Invest in fit-for-purpose
solutions
Another stumbling block to achieving that single source of truth
is relying on spreadsheets and other general-purpose systems,
particularly for general ledger accounting. A
study on family office efficiency by Family Wealth
Report and sponsored by FundCount, found that 74 per cent of
family offices rely on a general purpose system for general
ledger accounting, which unfortunately shows just how prevalent
this problem is.
While these systems may sound like a good idea upfront because they are often less expensive than specialized wealth management solutions; family offices pay the price in time and lack of accuracy. There are complexities – such as consolidating ledgers for multiple entities – that simply cannot be accounted for in these systems without time-consuming workarounds.
We had a single family office client with just this type of system. They had a complex environment and were looking for a way to become more efficient. Their goal was to bring together partnership accounting, performance reporting, private equity, real estate, performance metrics and marketable securities on a single platform.
Our solution was a game-changer for them. Not only do they now have a consolidated financial picture for family members, but they can drill down to view ownership and run reports by individual entity, asset, investment, geography and other parameters. Reviewing the family offices’ partnerships to verify underlying data on the various entities is easily accomplished by toggling between partnerships rather than logging into each entity individually. What used to take three days can now be done in a single day.
Another client, a multi-family office, gained similar efficiencies from FundCount’s ability to look through nested entities and complex structures. After transitioning from spreadsheets, which could not effectively track the individuals, trusts, corporations, partnerships or other structures, the client now has all information readily available. They can look through entities and instantly view performance, holdings, net worth and other investment information, either individually or by groups, knowing that the numbers are accurate and current. FundCount also enables the client to run up-to-date allocation schedules, including all related details such as side pockets.
Don’t skimp on resources
When speaking with clients, we find that they often not only
underestimate what is needed for a project, but assume that the
vendor can do everything. A vendor should have open architecture
for flexibility and a rigorous process for implementation, but
clients need to ramp up with resources on their end as well. That
includes project management, enterprise resource planning
experts, and other specialists to ensure that the project runs
smoothly. Penny pinching with internal or external resources and
tools often delays projects and causes more disruption.

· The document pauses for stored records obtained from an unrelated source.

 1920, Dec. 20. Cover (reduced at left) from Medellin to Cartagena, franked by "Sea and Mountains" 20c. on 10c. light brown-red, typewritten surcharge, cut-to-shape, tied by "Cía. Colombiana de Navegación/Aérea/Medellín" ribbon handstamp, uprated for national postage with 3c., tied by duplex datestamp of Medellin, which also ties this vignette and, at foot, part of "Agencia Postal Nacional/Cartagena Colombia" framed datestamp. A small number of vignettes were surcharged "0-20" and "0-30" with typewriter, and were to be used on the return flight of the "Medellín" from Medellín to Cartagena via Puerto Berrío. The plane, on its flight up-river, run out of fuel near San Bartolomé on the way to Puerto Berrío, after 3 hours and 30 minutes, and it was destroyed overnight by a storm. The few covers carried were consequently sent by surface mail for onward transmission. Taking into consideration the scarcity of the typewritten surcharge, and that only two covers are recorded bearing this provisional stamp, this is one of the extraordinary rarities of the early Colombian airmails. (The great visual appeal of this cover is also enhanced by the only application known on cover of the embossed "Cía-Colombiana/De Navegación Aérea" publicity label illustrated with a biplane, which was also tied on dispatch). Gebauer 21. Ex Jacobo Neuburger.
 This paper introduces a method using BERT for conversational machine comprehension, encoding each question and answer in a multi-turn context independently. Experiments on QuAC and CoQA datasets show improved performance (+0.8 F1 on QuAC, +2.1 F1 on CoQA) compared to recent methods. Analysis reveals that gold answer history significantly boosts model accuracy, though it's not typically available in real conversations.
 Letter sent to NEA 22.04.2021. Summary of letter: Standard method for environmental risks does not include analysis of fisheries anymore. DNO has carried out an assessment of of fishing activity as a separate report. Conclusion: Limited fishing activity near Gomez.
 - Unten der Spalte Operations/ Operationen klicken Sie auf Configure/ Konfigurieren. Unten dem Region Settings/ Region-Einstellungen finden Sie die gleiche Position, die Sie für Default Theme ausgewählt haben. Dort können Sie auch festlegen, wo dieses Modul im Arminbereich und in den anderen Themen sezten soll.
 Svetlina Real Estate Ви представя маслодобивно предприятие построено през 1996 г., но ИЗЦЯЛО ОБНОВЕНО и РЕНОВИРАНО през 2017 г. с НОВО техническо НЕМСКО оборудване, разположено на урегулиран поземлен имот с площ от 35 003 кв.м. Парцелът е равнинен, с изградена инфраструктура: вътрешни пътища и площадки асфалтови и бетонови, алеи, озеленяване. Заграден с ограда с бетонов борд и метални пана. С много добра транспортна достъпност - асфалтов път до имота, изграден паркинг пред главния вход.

Keep in mind that multi-page RFPs and expensive consultants do not necessarily guarantee success. Be sure to work closely with your consultants, understand all options and ask questions about implementation.
Stay focused on results
Thanks to the availability of today’s powerful business
intelligence and visualization tools, creating charts and graphs
is easy. But tread carefully. When assessing solutions, don’t get
carried away by visualizations that have a “wow” effect in
presentations only to ring hollow with little substance behind
the pretty graphs and charts. Dig deeper to ensure that what you
see provides the underlying information you need. If you
understand the potential pitfalls, you can quiz vendors
effectively.
The most important thing for a family office, however, is to understand why they are undertaking the project in the first place. I recommend that the family office starts by focusing on outcomes and what they wish to achieve. Is efficiency important? Reporting flexibility and improvements? Timely response to family member requests? Managing risk? Our checklist for qualifying vendors and technology, which starts with a self-assessment, has been a helpful tool in guiding clients embarking on a technology project.
After everything is taken into account, only a unified platform with accounting, general ledger and reporting on a single system will provide the accuracy, data accessibility and timely information needed to achieve that ever-important single source of truth.